Erfurt. Die Apothekerkammer hat geschockt auf den Vorschlag der Bundesärztekammer reagiert, unverbrauchte Medikamente aus privaten Beständen über Flohmärkte zu verkaufen.

Was tun gegen den Medikamentenmangel? Der Chef der Bundesärztekammer Klaus Reinhard hatte am Wochenende in einem Zeitungsinterview vorgeschlagen, unverbrauchte Medikamente aus privaten Beständen über Flohmärkte zu verkaufen. Allerdings stößt das bei der Apothekerkammer (BAK) auf komplette Ablehnung. Arzneimittel gehörten in Apotheken, nicht auf Flohmärkte, erst recht nicht, wenn diese abgelaufen seien, sagte BAK-Präsident Thomas Benkert am Montag. "Es schockiert mich, dass der Präsident der Bundesärztekammer derartiges öffentlich vorschlägt.

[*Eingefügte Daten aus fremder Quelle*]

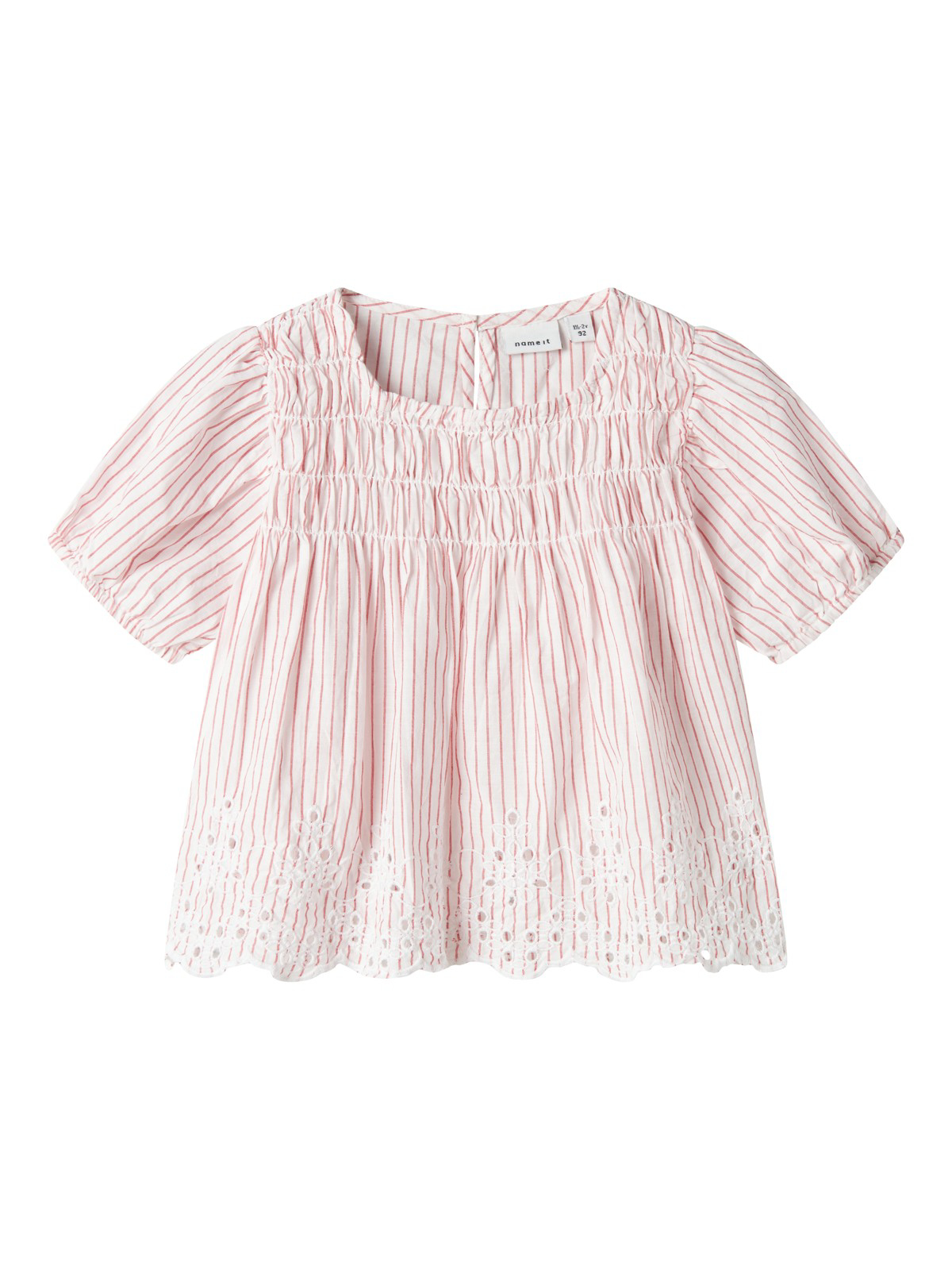 De sødeste Salli shorts fra Name It. Shortsene har trykknaplukning og halv, falsk gylp. Modellen er slim fit og du kan dertil justere elastikket i taljen efter behov.
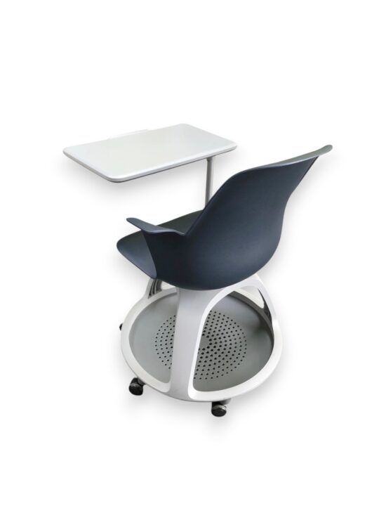 Tablette pivotante et ajustable s’adaptant à toutes morphologie, basculante sur le côté lorsqu’elle n’est pas utilisée.
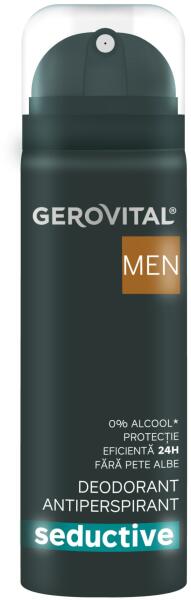 Gerovital Men Seductive dezodor spray, 150 ml Az egyedülálló alkoholmentes* dezodor-izzadásgátló formula hosszan tartó férfias illattal egész nap hatékony védelmet nyújt az izzadás ellen. A fás-aromás illat kifinomultságot és hitelességet sugall. A gyömbér az illat csúcsán a levendula, a pézsma és a zsálya eleganciájának és kifinomultságának előjátéka. A cédrusfa

Verfallene Arzneimittel können die Gesundheit der Patientinnen und Patienten massiv gefährden, ganz abgesehen von haftungsrechtlichen Fragen. Zudem steht die Gesetzeslage dem klar entgegen und die aktuelle Situation eignet sich nicht für Populismus", so Benkert.

Reinhard hatte im Interview mit dem "Tagesspiegel" Solidarität der Gesunden mit Kranken angemahnt. "Jetzt hilft nur Solidarität. Wer gesund ist, muss vorrätige Arznei an Kranke abgeben. Wir brauchen so was wie Flohmärkte für Medikamente in der Nachbarschaft“, sagte der BÄK-Chef der Zeitung. Zugleich wies er darauf hin, dass dafür auch Arzneimittel infrage kommen könnten, deren Haltbarkeitsdatum bereits einige Monate abgelaufen sei. In der Not könne man zahlreiche Medikamente immer noch gefahrlos verwenden.

Hintergrund des Streits sind Engpässe bei zahlreichen Arzneimitteln, darunter Fiebersäfte für Kinder, Antibiotika oder Herz-Kreislauf-Medikamente. "Derzeit gibt es schlicht zu wenig Fiebersäfte. Der Vorschlag von Herrn Reinhardt geht völlig an der Realität vorbei. Die Apotheken stehen aktuell unter enormem Druck, das Fehlen von lebenswichtigen Arzneimitteln zu managen. Es wäre wünschenswert, wenn sich auch Repräsentanten der Ärzteschaft verantwortungsvoll an Lösungsansätzen beteiligen würden“, so der BAK-Chef. Die Engpassliste des Bundesgesundheitsministeriums wies am Montag 333 Lieferengpässe bei Arzneimitteln aus, damit stieg die Zahl binnen einer Woche um mehr als 20 Positionen.